Material provided.

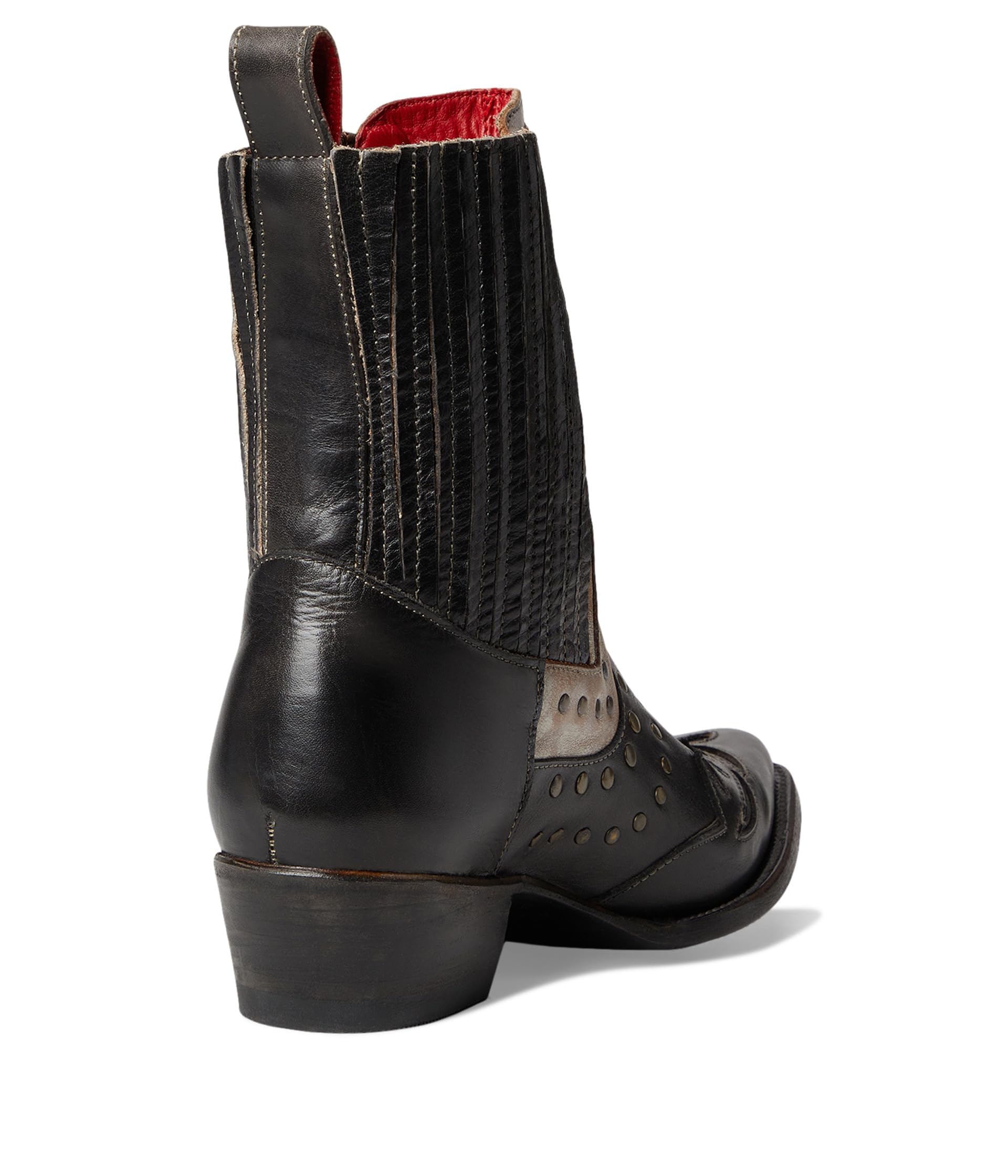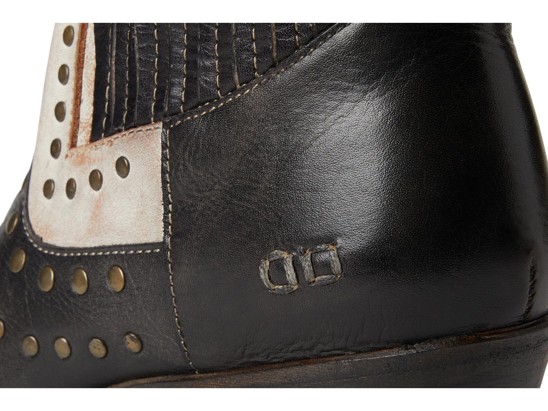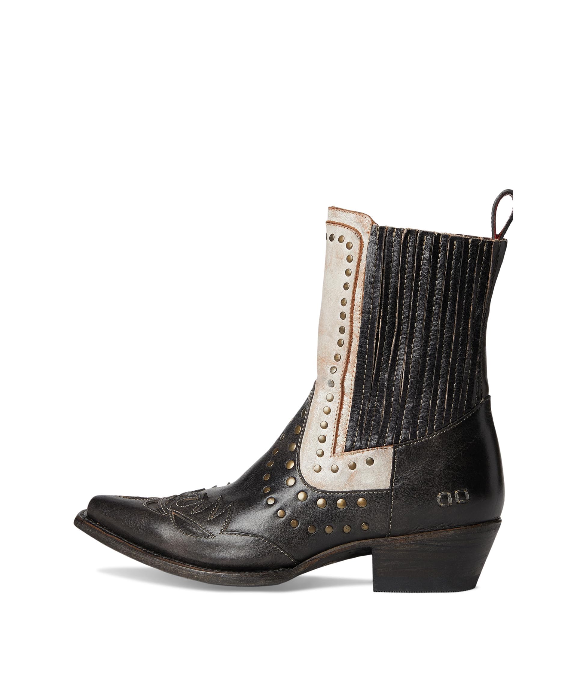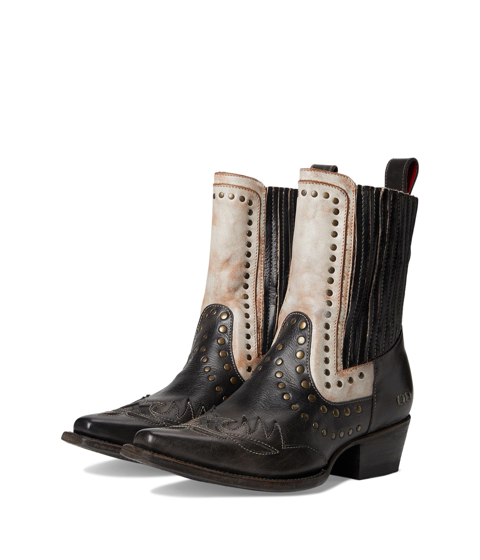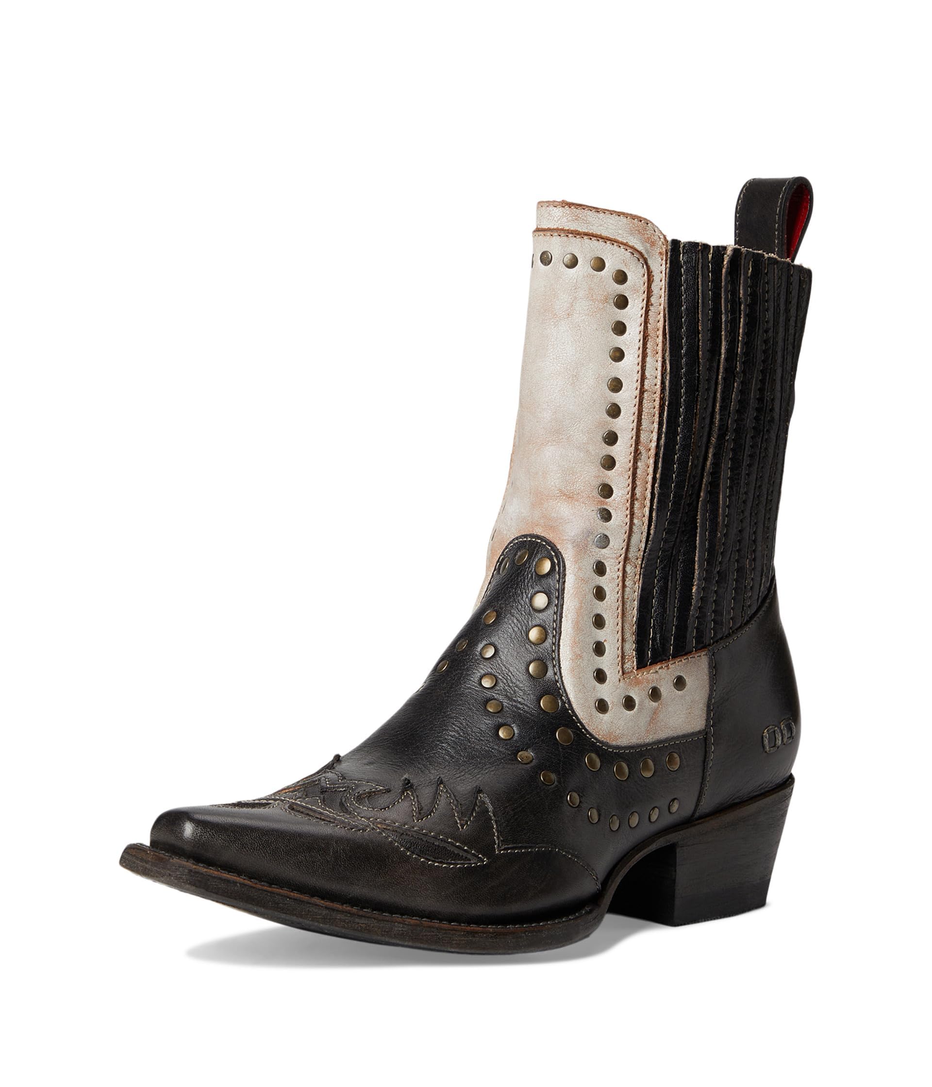 Bed Stu Raise Western Boots are a playful twist on a classic Western-inspired boot. With its vibrant color combinations, studded accents, and signature Western stitching, this short boot is all about making a statement. The snip toe design adds a touch of traditional flair, while the hidden stretch goring ensures easy on-and-off for effortless everyday wear - combining modern style and functionality with tried-and-true Western construction. Crafted from vegetable-tanned leather upper, breathable leather lining, and leather insole. Goodyear welt construction provides excellent durability and flexibility. Pull-on design. Hidden goring for a flexible fit. Pull tab on the back shaft. Block heels. Leather outsole.
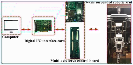 The completed customized 7-axis suspended robotic arm setup includes a computer, a digital I/O interface card, a multi-axis servo control board with an embedded manifold deformation controller, and the controlled body. Each rotating axis utilizes Mitsubishi MR-J4 series AC servo motors, paired with reducers to enhance output torque. The position signals from the motors are processed using pulse incremental encoders associated with the AC servo motors. The computer system is utilized to calculate the necessary control commands, which are then processed and transmitted by the control board developed in the laboratory. This control board communicates directly with the driver to execute the commands and regulate the robotic arm’s movements. The system architecture diagram of the entire setup is presented in Figure 7, providing a detailed overview of how each component interacts within the control system. The diagram illustrates the flow of information from the computer through the control board to the driver, ensuring accurate and synchronized operation of the robotic arm.
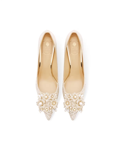 提供从2.5到8.5cm的4种跟高选择,能精准适配户外婚礼以舒适为首的核心需求。亮片布面料自带光泽,与户外环境交相辉映。鞋身结构稳固,羊皮乳胶复合鞋垫能够有效分散压力,让新娘在户外长时间站立与行走时,依然保持轻盈与舒适。
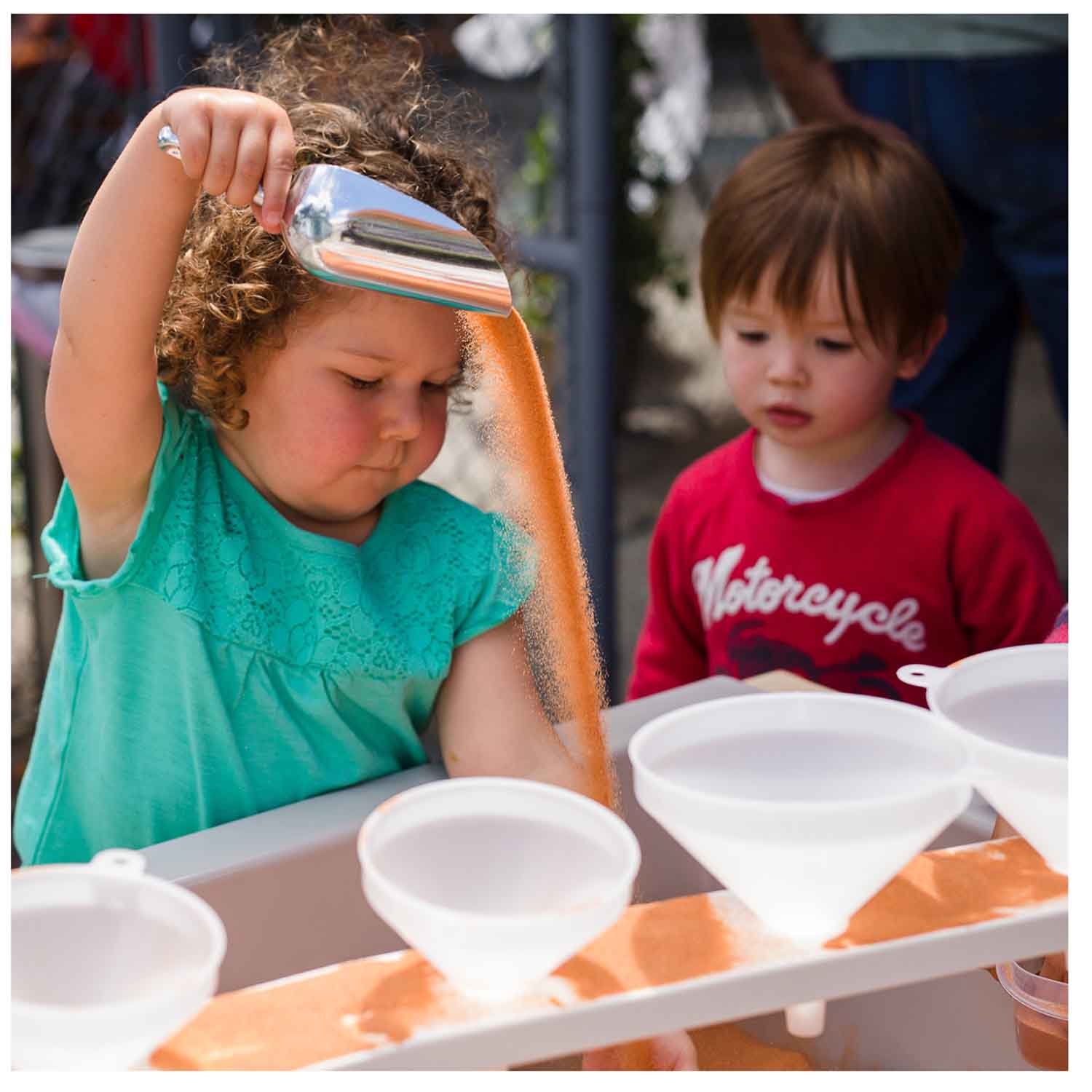 Transform your sensory tables by adding this Kodo Kids Funnel Stand and watch how the play is elevated! The changed height of the play allows children to watch the flow of the materials and compare the difference between mediums, such as water and sand.
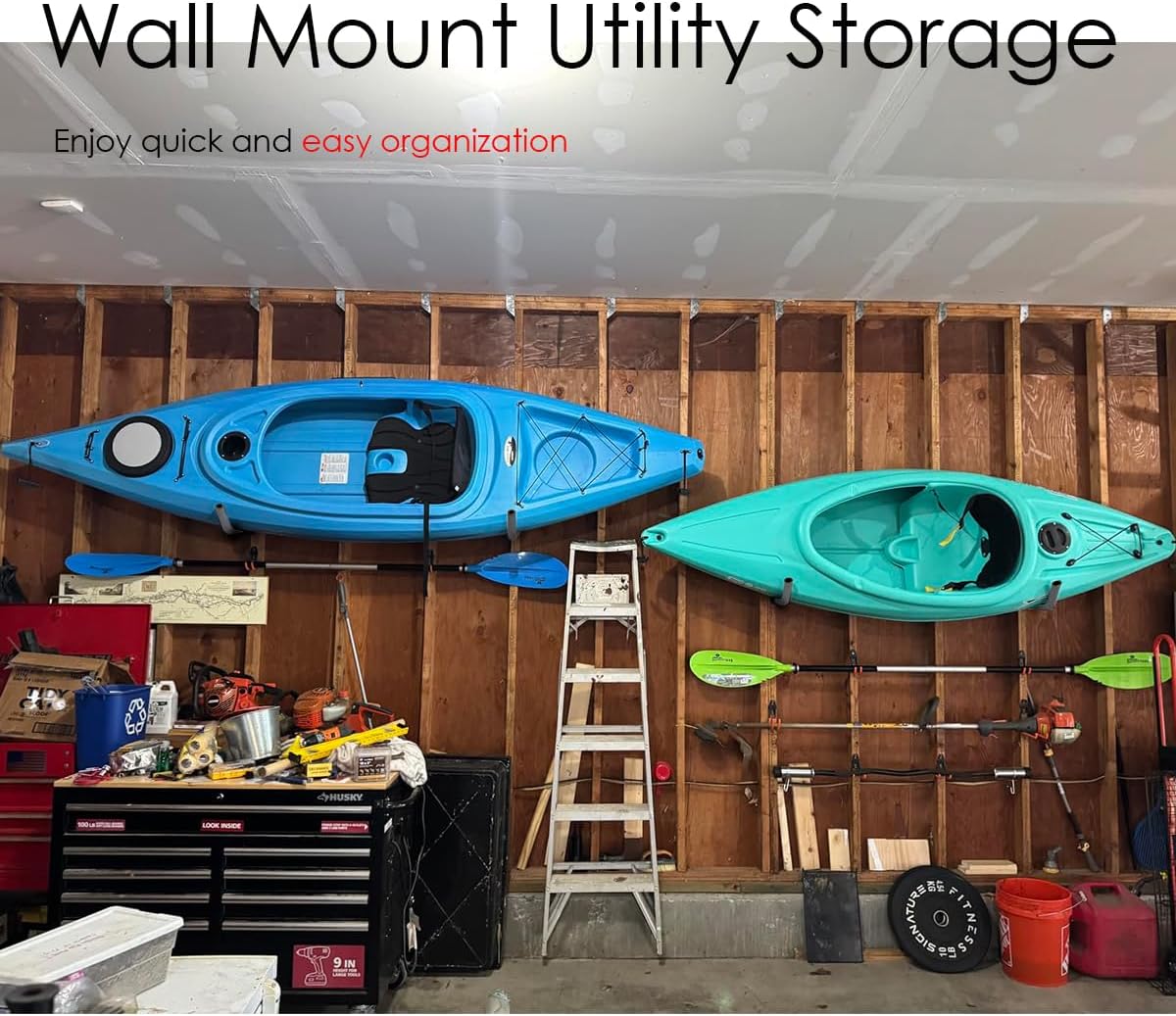 - PACKAGE INCLEDE - 6 Pieces wall mount J Utility kayak Hooks, 6 Expansion bolts, 13 screws and 13 anchors Sufficient accessories. These are exactly what you needed to keep the kayaks off the floor. keep your garage or outdoor storage area organized while securely holding various bulky items

Required action.
All that is needed is the span from the line with "提供从2.5到8.5cm的4" through the last line of the material above, reproduced exactly and free of pictures.

Answer to this problem.
 提供从2.5到8.5cm的4种跟高选择,能精准适配户外婚礼以舒适为首的核心需求。亮片布面料自带光泽,与户外环境交相辉映。鞋身结构稳固,羊皮乳胶复合鞋垫能够有效分散压力,让新娘在户外长时间站立与行走时,依然保持轻盈与舒适。
 Transform your sensory tables by adding this Kodo Kids Funnel Stand and watch how the play is elevated! The changed height of the play allows children to watch the flow of the materials and compare the difference between mediums, such as water and sand.
 - PACKAGE INCLEDE - 6 Pieces wall mount J Utility kayak Hooks, 6 Expansion bolts, 13 screws and 13 anchors Sufficient accessories. These are exactly what you needed to keep the kayaks off the floor. keep your garage or outdoor storage area organized while securely holding various bulky items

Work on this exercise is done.